10/06/2013 07h00
As Forças Armadas empregaram cerca de 33 mil militares na ação militar, que contou com o apoio de 1,1 mil servidores de agências governamentais.
Foi divulgado, na quinta-feira (6), o último balanço da operação Ágata 7. Após 19 dias, o trabalho chegou ao fim com a apreensão de 25,342 toneladas de maconha e 657 quilos de cocaína, crack e haxixe.
Os números são considerados um recorde histórico pelo Estado-Maior Conjunto das Forças Armadas, órgão do Ministério da Defesa que coordena a iniciativa.
Nas últimas horas, o Exército Brasileiro apreendeu 4,9 toneladas de explosivo numa empresa na região de Maringá (PR). Também na região Sul, a polícia apreendeu quatro fuzis.
Em São Grabriel da Cachoeira (AM), a 850 quilômetros de Manaus, policiais federais prenderam dez pessoas acusadas de pedofilia.
Ente os presos, políticos e empresários influentes daquela cidade, por supostamente prostituir indígenas.
Durante o período de realização da operação, tropas militares e civis federais, estaduais e municipais apreenderam também cerca de 4,5 mil metros cúbicos de madeira.
As Forças Armadas empregaram cerca de 33 mil militares na ação militar, que contou com o apoio de 1,1 mil servidores de agências governamentais.
Entorpecentes
O Grupo de Atuação Especial de Combate ao Crime Organizado (Gaeco/MS) desarticulou uma quadrilha de traficantes e apreendeu 3,41 toneladas de maconha, na fronteira com o Paraguai.
O maior volume de apreensão de entorpecentes foi encontrado na fronteira Sul do País. Ao longo das quase três semanas da Ágata, as tropas militares e a PF apreenderam 16,551 toneladas de maconha e 382,09 quilos de cocaína.

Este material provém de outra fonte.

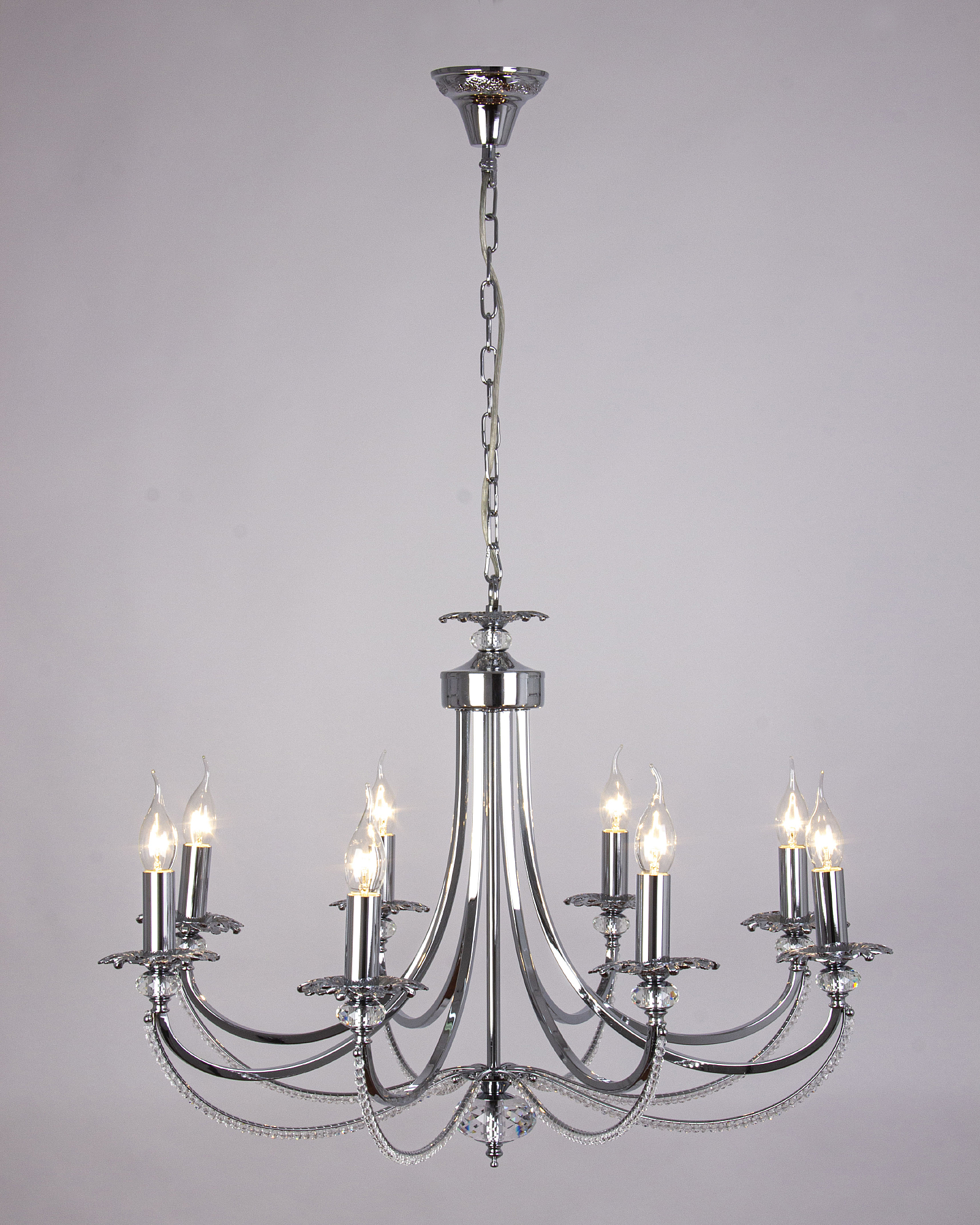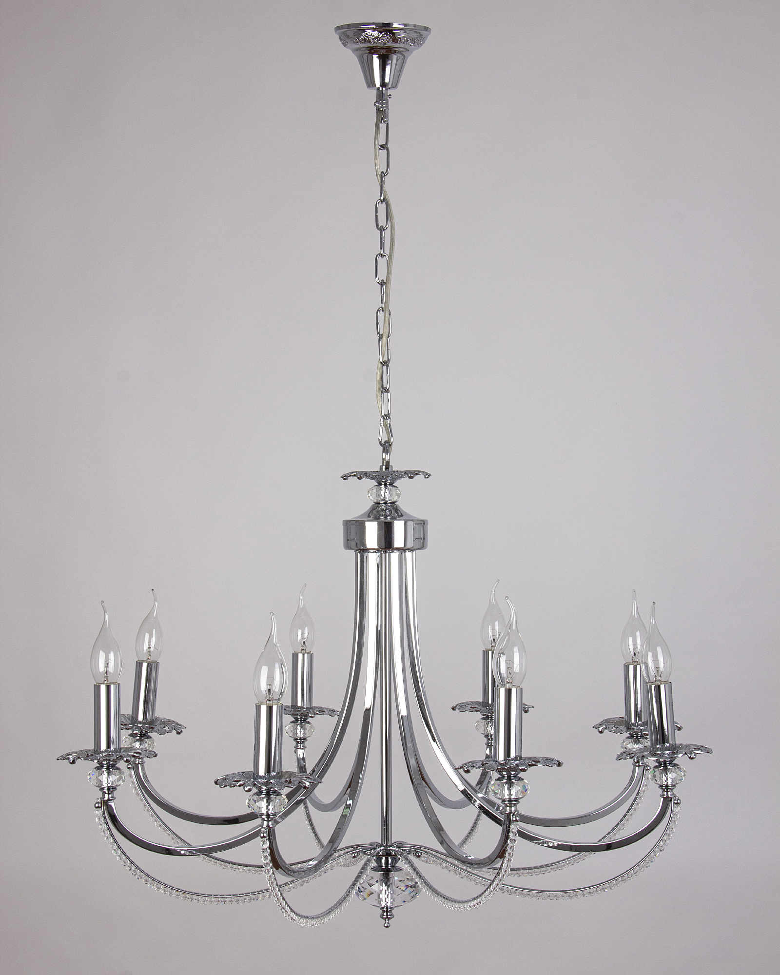Допускается отличие страны-изготовителя, указанной в характеристиках. Линии производства могут находиться в нескольких государствах. Это не влияет на качество изготовления товара: все заводы данного бренда работают по общим стандартам, а готовые изделия проходят соответствующий контроль.Германия ЦветЦвет арматуры Хром Цвет Хром Материал арматуры Металл РазмерыВысота (мм) 550 Диаметр (мм) 800 Ширина (мм) 800 ЭлектрикаКоличество ламп (шт) 8 Цоколь E14 Тип лампы Светодиодная, Накаливания Мощность лампы (Вт) 40 Напряжение (В) 220 Площадь освещения 18 Дополнительная информацияСпособ крепления Крюк Степень защиты (IP) IP20 Место установки на потолок Тип подвеса На цепи -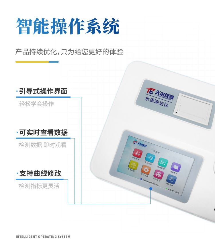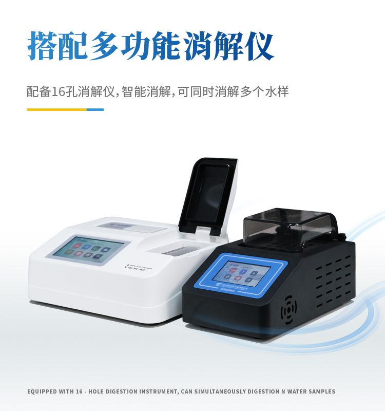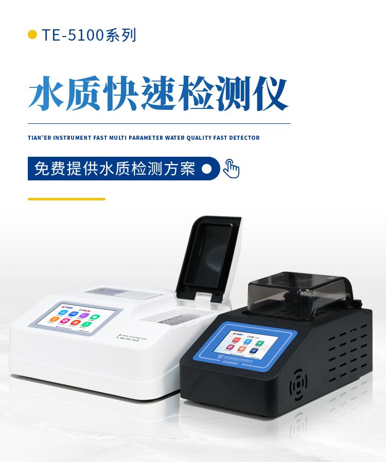 天尔TE-5100G快速测定仪是我们公司研发的一款高效实用型COD快速检测仪器,内置7寸彩色触摸屏,操作简单,搭配的5个独立检测位(4个独立的比色皿和1个360度旋转比色管),标配16孔消解仪,可预存320条曲线供客户校准、修改操作等,准确度≤±5%,重复性≤±2%。
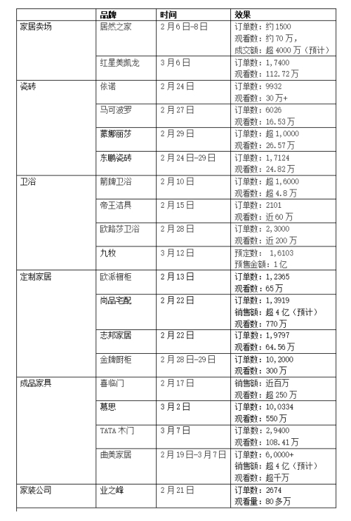 從時間來看,各大家居品牌紛紛在2月份已轉型線上直播賣貨,累計開展了過萬場直播,其中,在2月底以及315前后這兩個時間段,曾出現(xiàn)多個家居品牌扎堆直播的現(xiàn)象。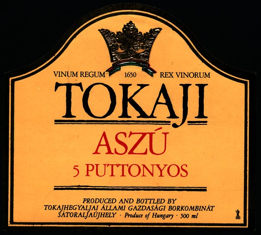 Bortípus: aszú; Termelő neve: Tokajhegyaljai Állami Gazdasági Borkombinát; Termelő címe: Sátoraljaújhely színes címke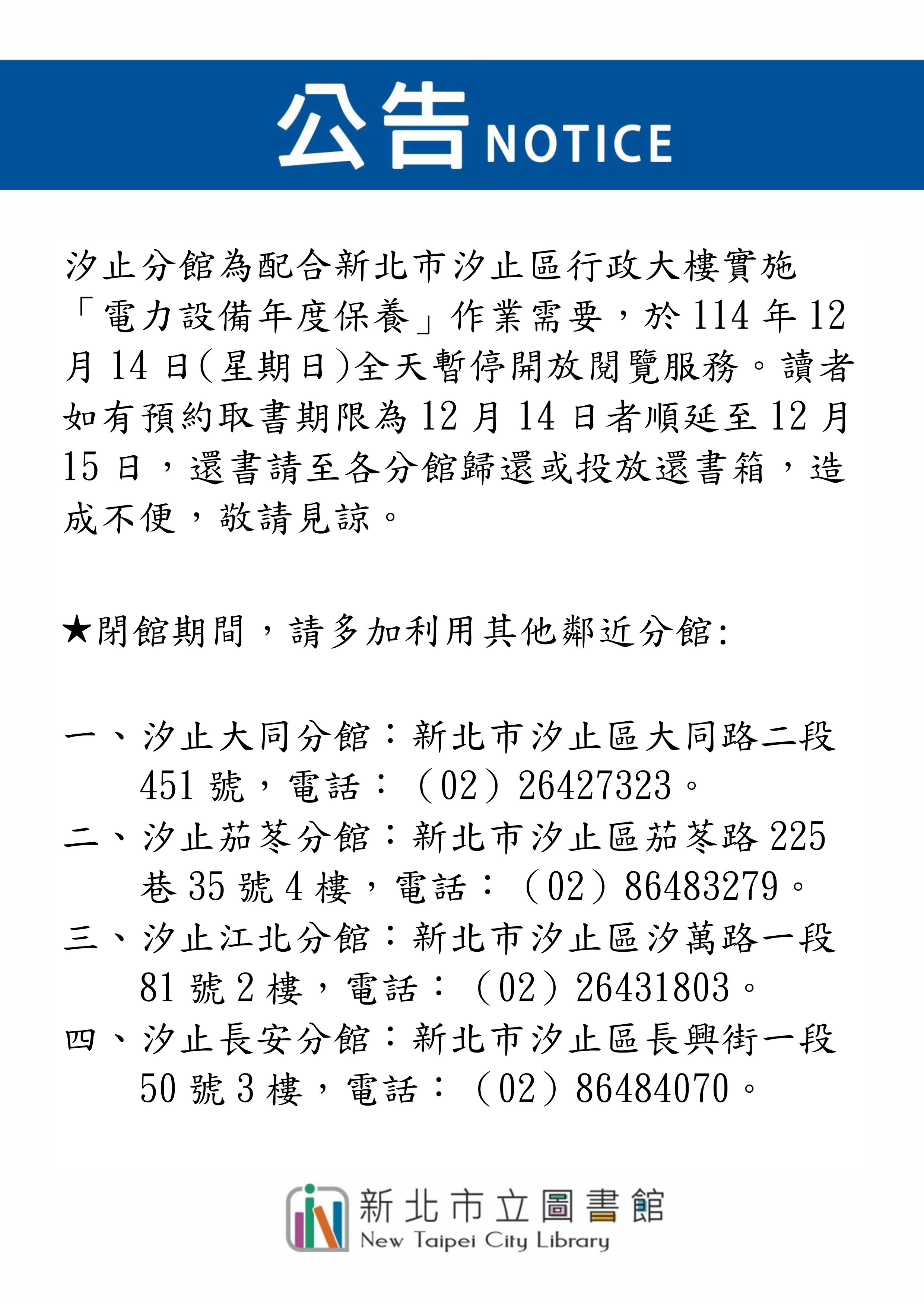 汐止分館為配合新北市汐止區行政大樓實施「電力設備年度保養」作業需要,於114年12月14日(星期日)全天暫停開放閱覽服務。讀者如有預約取書期限為12月14日者順延至12月15日,還書請至各分館歸還或投放還書箱,造成不便,敬請見諒。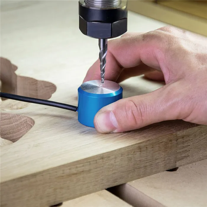 Součástí stroje je dotykový senzor výšky nástroje. Jakmile do vřetena vložíte nový nástroj, je třeba přesně změřit délku vašeho nástroje vzhledem k dílci nebo pracovnímu stolu. Dotykový senzor snadno zapojíte do konektoru na portálu frézky, senzor pak položíte pod nástroj a prostřednictvím programu UCCNC a jeho funkce AUTO Touch-Off se délka nástroje automaticky změří a uloží do programu UCCNC.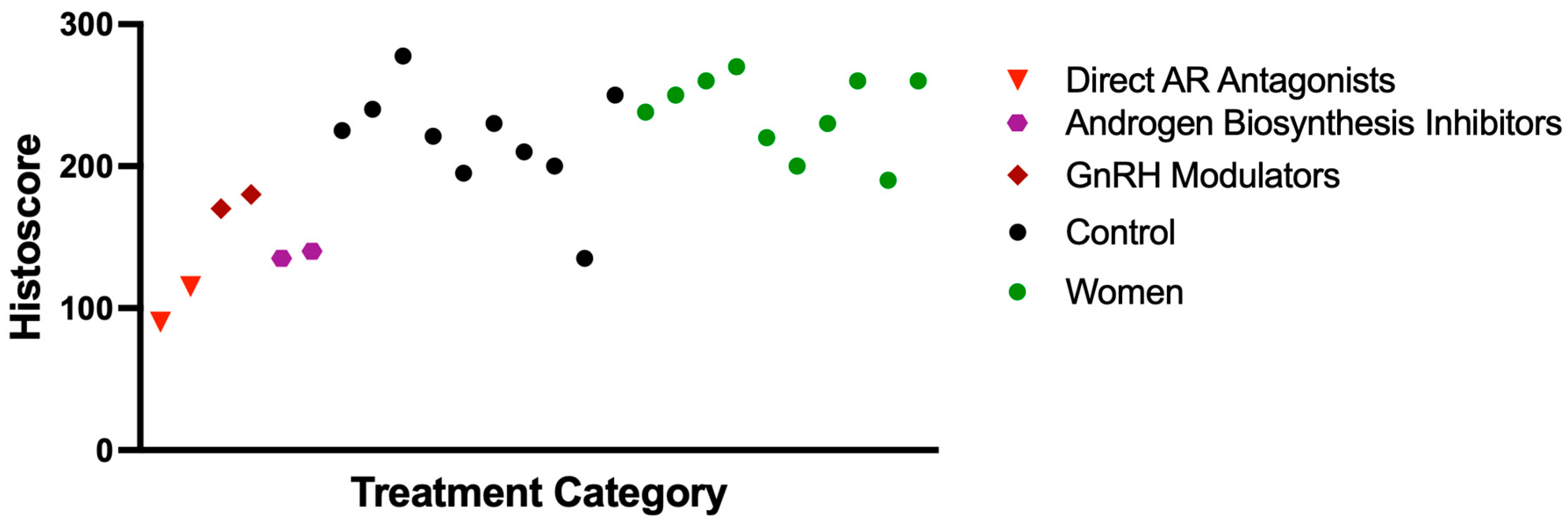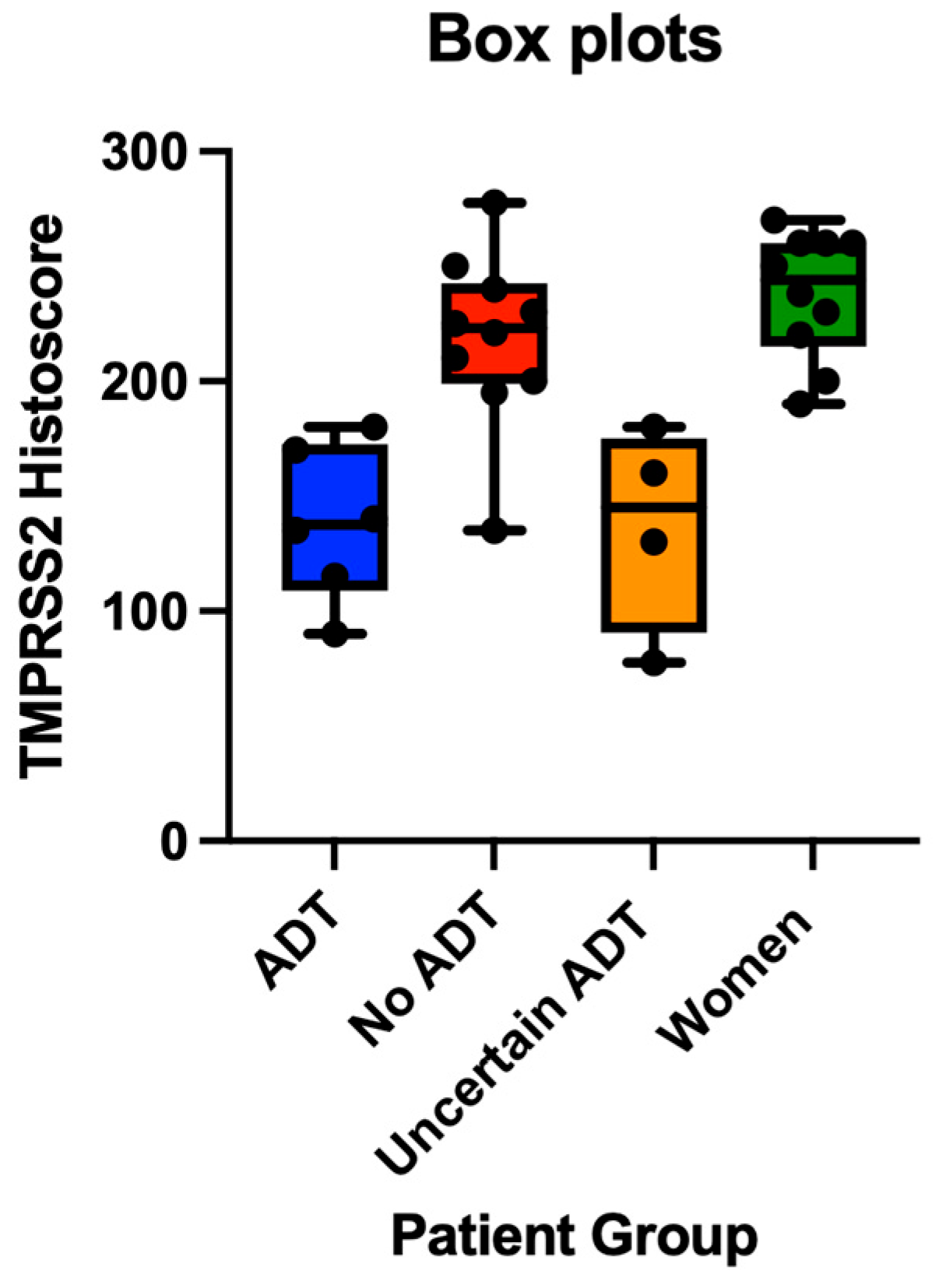 Notably, TMPRSS2 expression was also significantly lower in ADT-treated patients compared to women controls (mean histoscores: 152.7 vs. 238.0,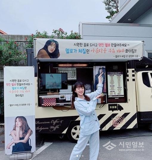 천우희는 19일 자신의 인스타그램에 "엄정화 선배님께서 멜로가 체질 현장에 커피차를 보내주셨다. 힘내서 촬영하겠다. 선배님 감사하다"라는 글과 함께 사진을 게재했다.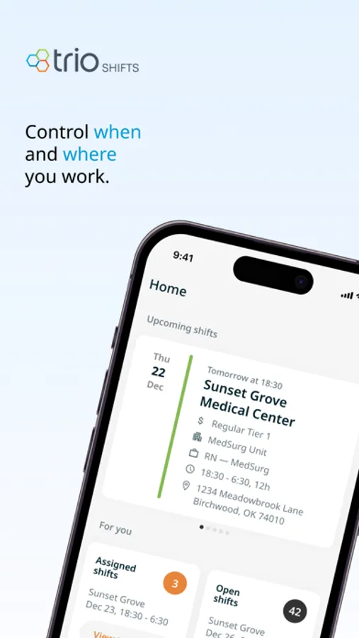 Trio was built specifically for healthcare and gives you access to thousands of shifts across a wide range of specialties in Nursing, Allied, and Locums.

No último dia de operação, policiais federais estouraram um depósito numa casa de farinha com cinco toneladas de maconha na região de Céu Azul, Oeste do Paraná. A droga teria seguido em caminhões de Foz do Iguaçu (PR) para aquela localidade.
Ao longo dos 11 mil quilômetros da fronteira Norte – do Oiapoque (AP) a Cabixi (RO) –, as Forças Armadas e a Polícia Federal contaram com a mobilização de tropas militares do Peru e da Colômbia.
Ao concluir a reunião de avaliação da operação, o chefe do EMCFA, general José Carlos De Nardi, destacou a importância da interoperabilidade das Forças Armadas para os resultados obtidos.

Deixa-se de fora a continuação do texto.